1) Giovedì scorso, ad Annozero, il finiano Bocchino racconta che Valter Lavitola, il direttore dell’Avanti! che lui accusa per la patacca anti-Fini, “ci fu raccomandato da Berlusconi per una candidatura nel 2008 perché, insieme a Sica, l’aveva aiutato a far cadere il governo Prodi”.
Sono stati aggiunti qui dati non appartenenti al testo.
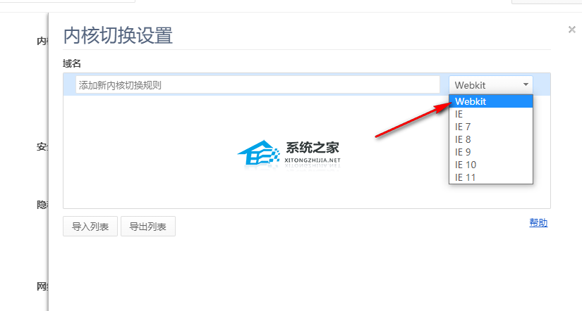 5. 进入内核切换设置页面之后,我们在该页面中打开如图所示选项,然后在下拉列表中点击选择“Webkit”选项即可。

2) Ernesto Sica è l’ex assessore campano del Pdl arrestato per lo scandalo P3: l’ex craxiano Arcangelo Martino, pure lui in carcere, parla di Sica ai pm romani sempre a proposito della compravendita di senatori del centrosinistra che nel 2008 propiziò la caduta di Prodi. Secondo Martino, Sica spinse un amico imprenditore a offrire denaro al diniano Giuseppe Scalera e ad altri senatori in bilico per passare con B.: poi avrebbe usato il proprio ruolo per ricattare B. in cambio della candidatura a governatore della Campania e, sfumata quella, per diventare assessore regionale della giunta Caldoro. “Sica – dice a verbale Martino – mi disse che conosceva bene Berlusconi e che aveva dormito a lungo a via del Plebiscito (Palazzo Grazioli, ndr) da cui era stato allontanato per gelosia da Bonaiuti e Ghedini. Disse che Berlusconi doveva a lui la caduta del governo Prodi, in quanto egli si era adoperato con l’aiuto di un imprenditore amico di Sica e ben conosciuto da Berlusconi a convincere previo esborso di ingenti somme di denaro, alcuni senatori del centrosinistra a votare contro Prodi. Mi fece i nomi di Andreotti e Scalera”. Martino avvertì Dell’Utri e Sica fu convocato da Verdini, che gli garantì una sistemazione: puntualmente Sica divenne assessore. Ma Verdini assicurò che il vero sponsor della nomina di Sica era B.. Strano. Visto che Martino racconta: “Berlusconi riteneva Sica un ricattatore. Più volte Sica mi annunciò una denuncia sulla corruzione dei senatori, ma non l’ha mai presentata”. (more…)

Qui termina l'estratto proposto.